** THE PROBLEM **
From the first line of the listing below, retype each line up to and including the one with "El niño argentino."; pictures stay out.

==============================

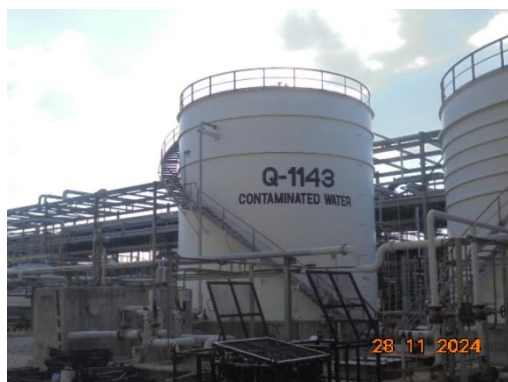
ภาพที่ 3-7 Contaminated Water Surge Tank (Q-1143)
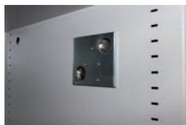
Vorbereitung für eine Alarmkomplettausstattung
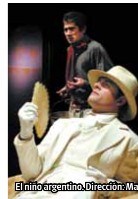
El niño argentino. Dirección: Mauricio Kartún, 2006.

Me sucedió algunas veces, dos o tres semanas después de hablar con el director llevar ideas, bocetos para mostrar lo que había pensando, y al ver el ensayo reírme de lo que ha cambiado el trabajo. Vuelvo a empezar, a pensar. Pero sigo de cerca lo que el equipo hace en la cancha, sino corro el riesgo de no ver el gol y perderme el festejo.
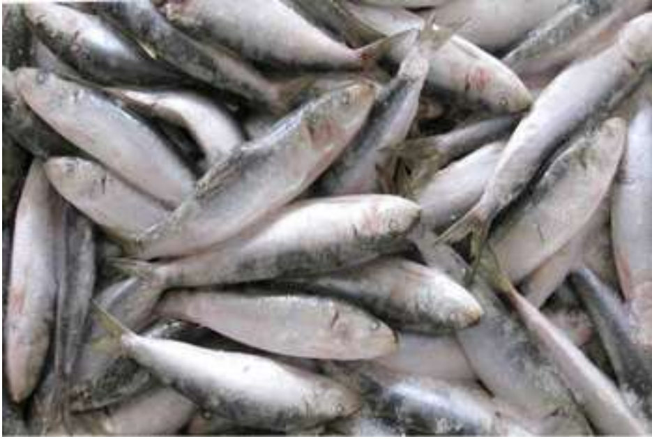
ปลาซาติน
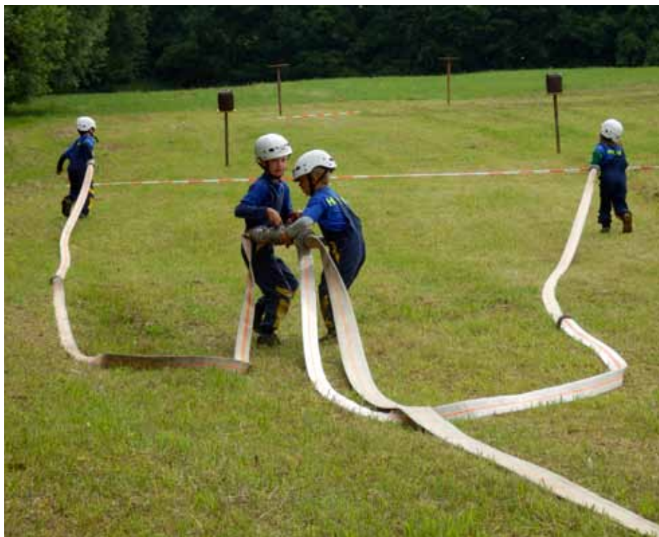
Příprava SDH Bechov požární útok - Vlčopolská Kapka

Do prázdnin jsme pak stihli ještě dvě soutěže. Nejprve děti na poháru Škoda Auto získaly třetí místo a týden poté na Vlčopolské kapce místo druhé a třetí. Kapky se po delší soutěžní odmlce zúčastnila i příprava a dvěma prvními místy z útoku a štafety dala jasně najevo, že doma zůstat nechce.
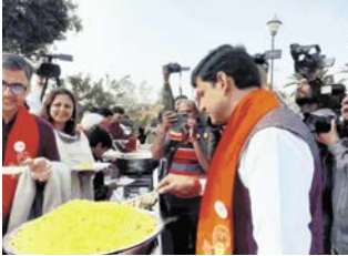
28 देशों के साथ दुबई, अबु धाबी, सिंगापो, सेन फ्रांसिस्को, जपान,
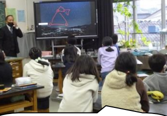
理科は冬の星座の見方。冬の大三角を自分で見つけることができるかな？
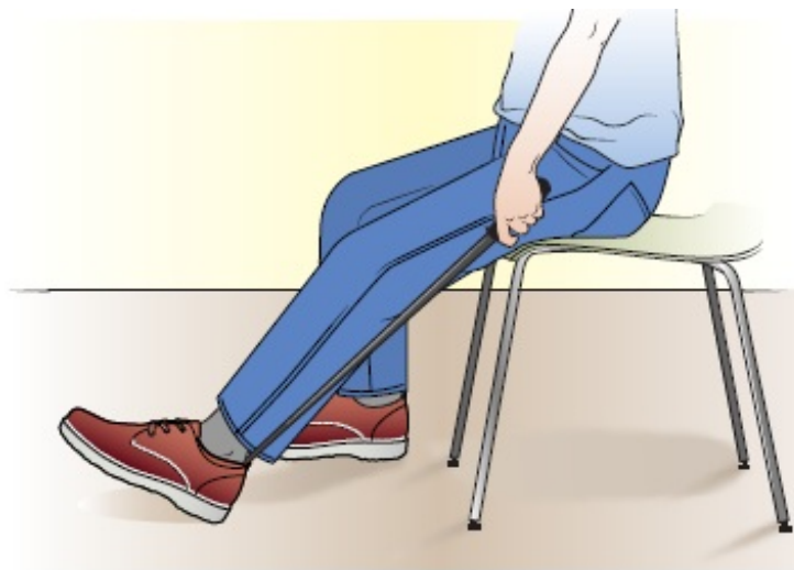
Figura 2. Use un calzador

==============================

** YOUR SOLUTION **
ภาพที่ 3-7 Contaminated Water Surge Tank (Q-1143)
Vorbereitung für eine Alarmkomplettausstattung
El niño argentino. Dirección: Mauricio Kartún, 2006.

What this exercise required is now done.